On Oct 15, 2010, at 9:11 AM, Steve Dickson wrote:

> Good Morning,
> 
> On 10/14/2010 06:22 PM, Chuck Lever wrote:
>> 
>> On Oct 14, 2010, at 5:24 PM, Steve Dickson wrote:
>> 
>>>> The mount protocol information in /proc/mounts can be very very stale
>>> Well the mount(8) man page seems to disagrees with you:
>>> 
>>>   When  the  proc  filesystem is mounted (say at /proc), the files
>>>   /etc/mtab and /proc/mounts have very similar contents. The  former  
>>>   has  somewhat  more  information, such as the mount options used, but is not    
>>>   necessarily  up-to-date  (cf.  the  -n  option below).  It is possible to replace  
>>>   /etc/mtab by a symbolic link to /proc/mounts, and especially when you have
>>>   very large number of mounts things will be much faster with that symlink,
>>>   but some information is lost that way, and in particular using the "user"
>>>   option will fail.
>>> 
>>> They are basically say you should replace /etc/mtab with /proc/mounts.
>> 
>> Right, that text is not written with NFS in mind, unfortunately. 
>> I thought it was common knowledge that replacing /etc/mtab with a link
>> was bad for NFS.
>> 
>> Notice they call out support for the "user" mount option explicitly here.
>> That seems to be an important feature for network file systems.
> My point is staleness.... BOTH /etc/mtab and /proc/mounts "can be very very stale"
> 
>>> . 
>>>> If the mount point is very long lived, as it is for static mount points on 
>>>> server-class systems, the client may have been up for months, while the 
>>>> NFS servers can have rebooted multiple times during that time span.  
>>>> Each server reboot can result in the mount port changing, for example.
>>>> /proc/mounts has the specific set of options that were the result of 
>>>> negotiation during the mount process.  Those will work sometimes, but I 
>>>> think those actually have a good chance of not working in some cases.
>>>> 
>>>> If umount.nfs starts with /proc/mounts, how can it know which of "vers=" 
>>>> and "proto=" and "port=" and "mountport=" were specified on the original 
>>>> command line (and thus are required to make the mount work) and those which
>>>> were negotiated by mount.nfs (and thus may have changed since the original mount)?
>>> Well I don't believe either the proto= or vers= will change
>>> over a server reboot since the values in /proc/mounts are the
>>> were negotiated to...  I do agree both the "port=" and 
>>> "mountport=" can go stale... So many be should just never use them... 
>> 
>> Vers= won't change, which is why we can trust /proc/mounts to tell us what 
>> NFS version to use for the umount.
> proto= will not go stale either... 

That's not trivial.  Remember that proto= controls both the NFS protocol and the mount protocol.

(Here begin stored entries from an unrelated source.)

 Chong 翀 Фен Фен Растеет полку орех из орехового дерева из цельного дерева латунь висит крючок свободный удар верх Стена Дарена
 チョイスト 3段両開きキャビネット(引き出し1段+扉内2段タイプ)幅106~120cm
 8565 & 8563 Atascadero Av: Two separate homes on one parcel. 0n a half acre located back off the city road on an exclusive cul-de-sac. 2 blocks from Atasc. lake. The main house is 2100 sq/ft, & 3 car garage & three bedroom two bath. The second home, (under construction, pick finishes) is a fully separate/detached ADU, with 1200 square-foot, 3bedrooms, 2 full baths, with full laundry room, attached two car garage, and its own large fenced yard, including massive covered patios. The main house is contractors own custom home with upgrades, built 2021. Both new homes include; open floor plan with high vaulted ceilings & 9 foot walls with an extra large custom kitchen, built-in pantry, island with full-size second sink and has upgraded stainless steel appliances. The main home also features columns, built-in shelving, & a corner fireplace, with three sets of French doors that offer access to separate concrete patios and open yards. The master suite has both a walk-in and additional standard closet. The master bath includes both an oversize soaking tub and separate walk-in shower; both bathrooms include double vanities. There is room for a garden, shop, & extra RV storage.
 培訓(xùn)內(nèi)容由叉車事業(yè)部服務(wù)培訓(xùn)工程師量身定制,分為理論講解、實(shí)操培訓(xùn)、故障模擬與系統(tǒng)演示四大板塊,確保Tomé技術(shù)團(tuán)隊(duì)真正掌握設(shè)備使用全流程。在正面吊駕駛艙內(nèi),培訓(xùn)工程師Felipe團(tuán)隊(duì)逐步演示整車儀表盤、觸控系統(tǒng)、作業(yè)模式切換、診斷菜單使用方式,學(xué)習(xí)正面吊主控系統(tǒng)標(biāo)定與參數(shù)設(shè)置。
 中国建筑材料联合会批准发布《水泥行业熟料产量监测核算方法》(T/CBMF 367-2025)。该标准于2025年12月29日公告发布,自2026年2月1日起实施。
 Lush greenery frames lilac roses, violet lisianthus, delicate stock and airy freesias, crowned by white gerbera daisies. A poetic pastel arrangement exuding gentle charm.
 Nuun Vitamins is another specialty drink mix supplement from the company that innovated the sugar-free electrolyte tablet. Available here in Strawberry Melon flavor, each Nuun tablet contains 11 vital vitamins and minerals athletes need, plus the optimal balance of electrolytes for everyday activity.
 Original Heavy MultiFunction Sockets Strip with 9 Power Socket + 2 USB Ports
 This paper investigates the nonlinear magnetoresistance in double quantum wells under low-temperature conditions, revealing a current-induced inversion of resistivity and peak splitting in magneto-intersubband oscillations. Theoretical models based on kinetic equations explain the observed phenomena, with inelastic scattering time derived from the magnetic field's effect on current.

The NFS protocol will not go stale, but the server can easily change the mount protocols it serves, and the clients are none-the-wiser until they attempt another mount operation.

>> mountvers= may go stale, 
>> mountproto= can go stale, 
> I think these going stale would be highly unlikely, but recoverable... 
> 
>> mountport= can also go stale.  For umount, we don't care about port=.  
> True any port value can easily go stale... 
> 
>> The problem is we can't tell whether mountproto and mountport in /proc/mounts
> < was specified on the command line (say, to punch through a firewall) or 
> < was negotiated by user space (and is thus safe to ignore and renegotiate).
> We shouldn't care whether those options were specified or negotiated.

I disagree.

If these options were specified options, it's likely that they were used to get through a firewall.  In that case, we can use these settings and expect the UMNT to work as well as the MNT did.

On the other hand, if these were negotiated options, there are some common cases where the /proc/mounts options won't work.  Your "workaround," if these don't work, is to fall back and retry the UMNT by negotiating.  So: what mount options do you use to start the negotiation with?

We don't need to try and fall back.  Start with the original command line options and negotiate as you did for the original MNT request.  That means you perform a single UMNT try.  My way is less complicated on the wire in these cases, and has more consistent results.  What's more, it's what the code already does today.

> The values in /proc/mounts are the ones that worked! So at one point 
> in time we know all the values in /proc/mounts were valid (since the
> entry exists). This is something that cannot be said about options
> specified on the command line.

Dude, that makes no sense.  The options in /proc/mounts were derived from the options on the command line.  So if the options in /proc/mounts worked, BY DEFINITION the command line options in /etc/mtab worked.

We really must start the negotiation from the original command line options.  Going with the options in /proc/mounts first and then renegotiating if they fail is ass-backwards.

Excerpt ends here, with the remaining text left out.